Once `status` shows `completed`, retrieve the output files using the endpoint in Step 5.

### Step 5: Retrieve output files

**Endpoint:** `GET /v1/flow/alignment/{job_id}/outputs`

<CodeGroup>
  ```python Python theme={null}
  import os
  import requests

  alignment_job_id = detail.alignment_job.id
  headers = {"Authorization": os.environ["SEEKR_API_KEY"]}
  response = requests.get(
      f"https://flow.seekr.com/v1/flow/alignment/{alignment_job_id}/outputs",
      headers=headers,
  )
  outputs = response.json()
  ```
</CodeGroup>

The output file with `"purpose": "fine-tune"` (the `.parquet`) is the file ID to use when creating a fine-tuning job.

## context\_grounded\_vector\_db

Use this job type when your knowledge source is already indexed in a SeekrFlow vector database. No file upload or ingestion is needed — attach the vector database ID and start.

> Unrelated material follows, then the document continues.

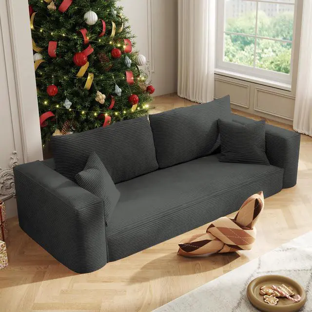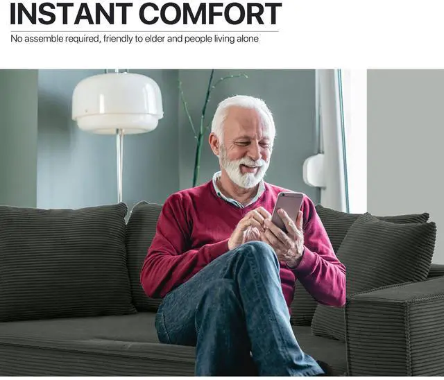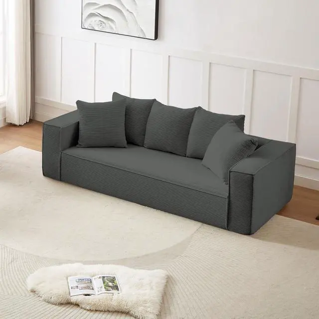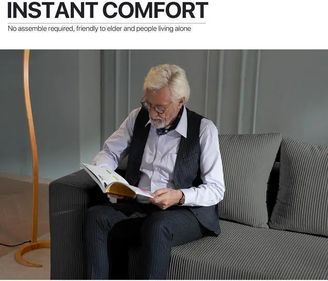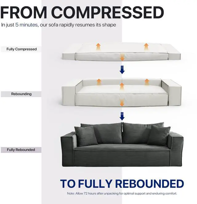 The Aukfa compressed sofa couch series features premium, wear-resistant corduroy fabric that offers a vibrant appearance, exceptional softness, and lasting durability, adding comfort and style to any living space. Filled with high-density pure sponge, it provides superior support compared to traditional spring sofas, ensuring long-lasting firmness without sagging. The sofa arrives compressed, and any fabric wrinkles caused during shipping will smooth out naturally as it expands, typically regaining its full shape and firmness within 24 to 72 hours. Light ironing can help accelerate this process, though the sofa is ready for immediate use right out of the box.

### Step 1: Create the job and attach the vector database

**Endpoints:** `POST /v1/flow/data-jobs` [Submit data job](/flow/reference/submit_data_job_v1_flow_data_jobs_post) · `PATCH /v1/flow/data-jobs/{id}` [Update data job](/flow/reference/patch_data_job_v1_flow_data_jobs__data_job_id__patch)

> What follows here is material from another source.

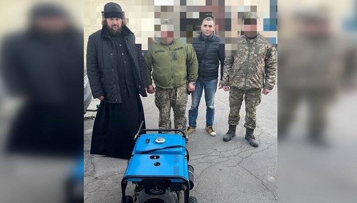 Клирик Ровенской епархии УПЦ передает дизель-генератор военнослужащим. Фото: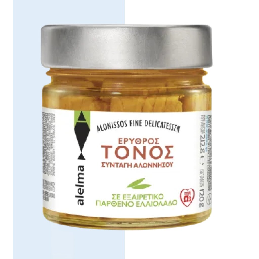 Alelma vybírá a zpracovává ty nejlepší červené tóny masa s odborností a dlouholetou zkušeností. Jemné filety z tuňáka Alelma z ostrova Alonissos. Vychutnejte si ho s vynikajícím panenským olivovým olejem a zakomponujte do nesčetných receptů.

Create the job and set `vector_database_id` before starting. No file upload or ingestion is needed.

<CodeGroup>
  ```python Python theme={null}
  data_job = client.data_jobs.create(
      name="Customer support refresh",
      description="Align against existing vector store",
      job_type="context_grounded_vector_db",
  )
  data_job_id = data_job.id

  data_job = client.data_jobs.update(
      data_job_id,
      vector_database_id="9aab2ceb-7c7b-4c07-8ff4-5416dfad221a",
  )
  print("Vector DB set:", data_job.vector_database_id)
  ```
</CodeGroup>

### Step 2: Start alignment

**Endpoint:** `POST /v1/flow/data-jobs/{id}/start` [Start data job alignment](/flow/reference/start_data_job_alignment_v1_flow_data_jobs__data_job_id__start_post)

<CodeGroup>
  ```python Python theme={null}
  detail = client.data_jobs.start(data_job_id)
  print("Alignment job:", detail.alignment_job.id, detail.alignment_job.status)
  ```
</CodeGroup>

**Prerequisites:**

* `status` must be `ready_to_start`
* `vector_database_id` must be set
* No system prompt required

### Step 3: Monitor alignment

<CodeGroup>
  ```python Python theme={null}
  detail = client.data_jobs.retrieve(data_job_id)
  print("Status:", detail.status)
  if detail.alignment_job:
      print("Alignment job:", detail.alignment_job.id)
  ```
</CodeGroup>

Once `status` shows `completed`, retrieve the output files using the endpoint in Step 4.

### Step 4: Retrieve output files

**Endpoint:** `GET /v1/flow/alignment/{job_id}/outputs`

<CodeGroup>
  ```python Python theme={null}
  import os
  import requests

  alignment_job_id = detail.alignment_job.id
  headers = {"Authorization": os.environ["SEEKR_API_KEY"]}
  response = requests.get(
      f"https://flow.seekr.com/v1/flow/alignment/{alignment_job_id}/outputs",
      headers=headers,
  )
  outputs = response.json()
  ```
</CodeGroup>

The output file with `"purpose": "fine-tune"` (the `.parquet`) is the file ID to use when creating a fine-tuning job.